GENEL KURUL KONUŞMASI
Konu: 31 Ekim bilim ve siyaset adamı Erdal İnönü'ye ölümünün 11'inci yıl dönümünde Allah'tan rahmet dilediğine, Harran Üniversitesi Rektörü Profesör Doktor Ramazan Taşaltın'ın Cumhurbaşkanına itaat etmenin farz değil farzıayn olduğuna, karşı çıkmanın ise haram olduğuna ilişkin sözlerini kınadığına, fikri hür, vicdanı hür nesiller yetiştirmesi mümkün gözükmeyen bu rektörün ivedilikle görevden alınmasının şart olduğuna, 31 Ekim Dünya Tasarruf Günü'ne ve Türkiye'nin plastik çöp ithal eden bir ülke konumuna geldiğine ilişkin açıklaması
Yasama Yılı:2
Birleşim:12
Tarih:31.10.2018

LÜTFÜ TÜRKKAN (Kocaeli) - Sayın Başkan, bugün, bilim ve siyaset adamı olan, siyasette de naifliği ve hoşgörüsüyle hoş bir seda bırakan Sayın Profesör Erdal İnönü'nün ölüm yıl dönümü. Merhuma Allah'tan rahmet diliyorum, ailesi ve sevenlerine de başsağlığı diliyorum.

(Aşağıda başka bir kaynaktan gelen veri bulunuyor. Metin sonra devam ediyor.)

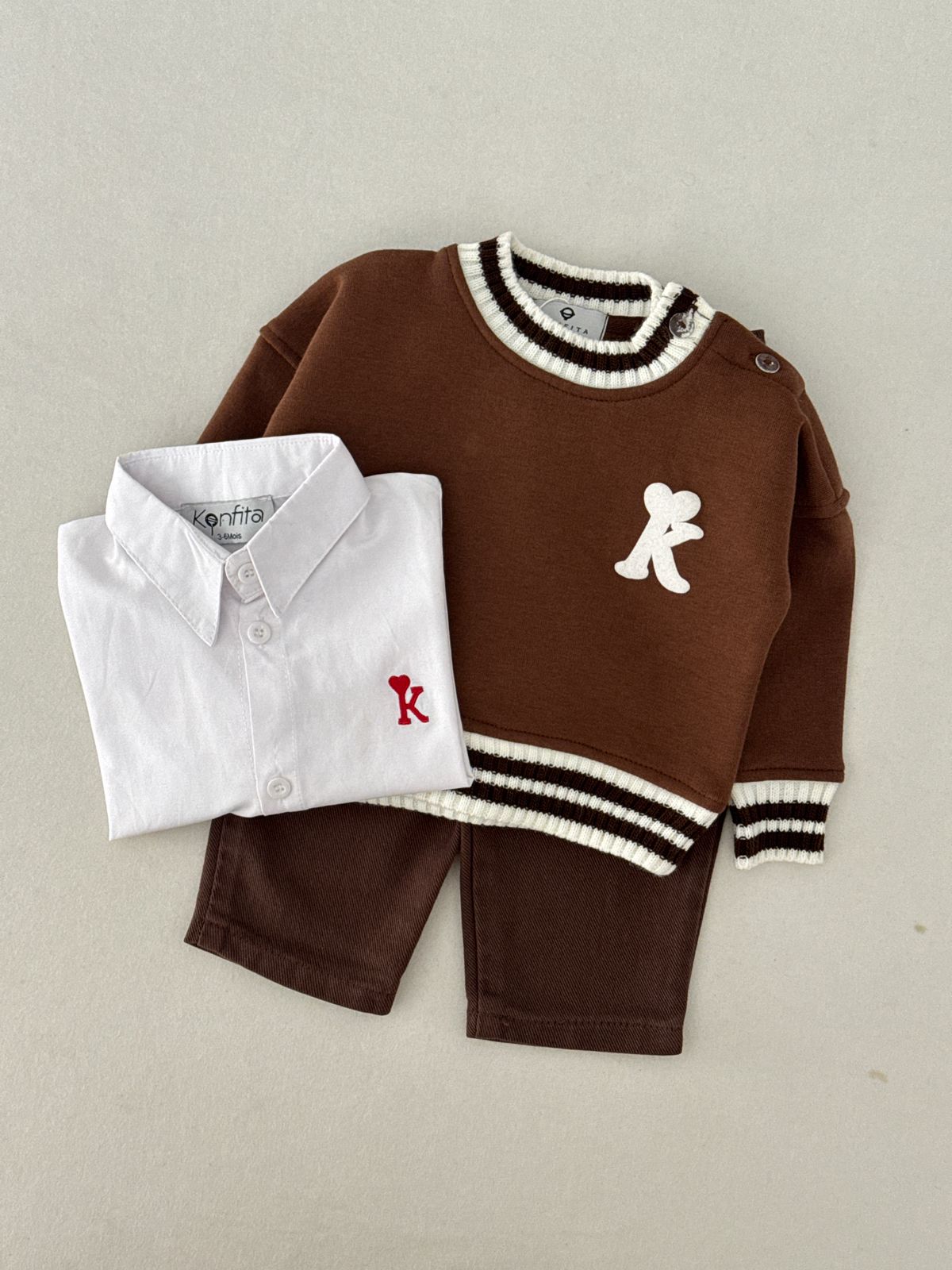 Un trio chaud et réconfortant pour habiller votre petit avec style et élégance ! Ce pack réunit trois pièces Konfita soigneusement assorties dans une palette chocolatée à tomber. Le marron profond et chaleureux du pull et du pantalon contraste à merveille avec le blanc immaculé de la chemise, pour un look coordonné et sophistiqué. ☕🍫
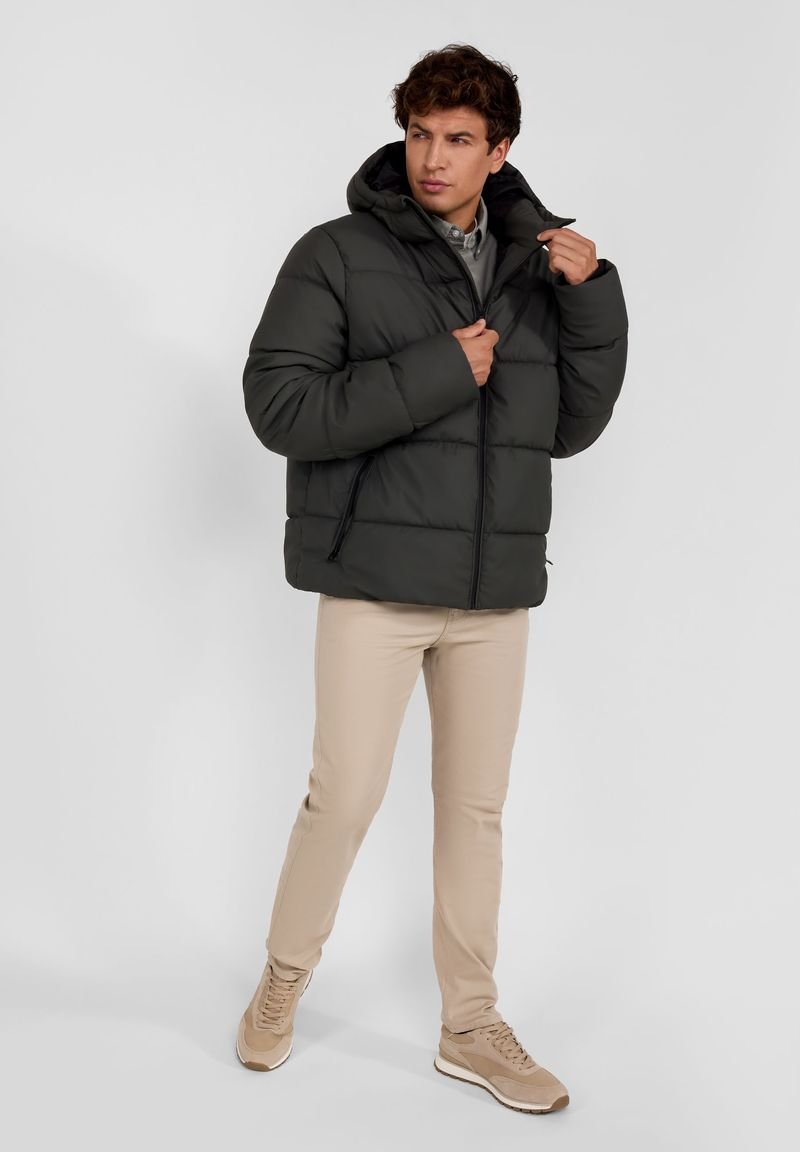 Мужская куртка с капюшоном из искусственной кожи с полиэстеровым покрытием для водоотталкивающих свойств и долговечности. Имеет горизонтальную стежку и теплый полиэстеровый утеплитель для превосходной теплоизоляции в холодную погоду. Застежка-молния спереди и два боковых кармана на молнии обеспечивают надежное хранение и легкий доступ. Капюшон и полиэстеровая подкладка по всей куртке гарантируют комфорт и сохранение тепла. Классический крой с длинными рукавами обеспечивает универсальность стиля как для активного отдыха, так и для повседневной носки. Погода: ДождьМатериал и уход

Bugün hayli gündemde ama bir de ben hatırlatmak istiyorum; Harran Üniversitesi Rektörü Profesör Doktor Ramazan Taşaltın. Hayatında bu kadar meşhur olacağını bilseydi bu Sayın Rektör aklına bile getirmezdi. Akit Televizyonunda bir programa katılıyor, Sayın Erdoğan'a itaatin farz değil farzıayn olduğunu iddia ediyor, karşı çıkmanın ise haram olduğunu söylüyor. İlim, bilim ve kültür adamı sıfatıyla özgür düşüncenin temsilcisi olması gereken bir rektörün sınır tanımaksızın yaptığı bu gaf içeren ifadeleri esefle kınıyorum. Farz da, helal de, haram da yüce kitabımız Kur'an-ı Kerim'de belirlenmişken sözde rektörün kendince farz ve haram uydurması gaflet değilse şüphesiz şifa bulmaz bir cehalettir; bu, şirk koşmakla da eş değerdir. Fikri hür, vicdanı hür, irfanı hür nesiller yetiştirmesi mümkün gözükmeyen bu rektörün ivedilikle görevden alınması şarttır. Bu rektör en büyük kötülüğü de Sayın Cumhurbaşkanına yapmıştır aslında. Sayın Cumhurbaşkanının bu konuyu bir defa daha gözden geçirmesi gerektiğini düşünüyorum.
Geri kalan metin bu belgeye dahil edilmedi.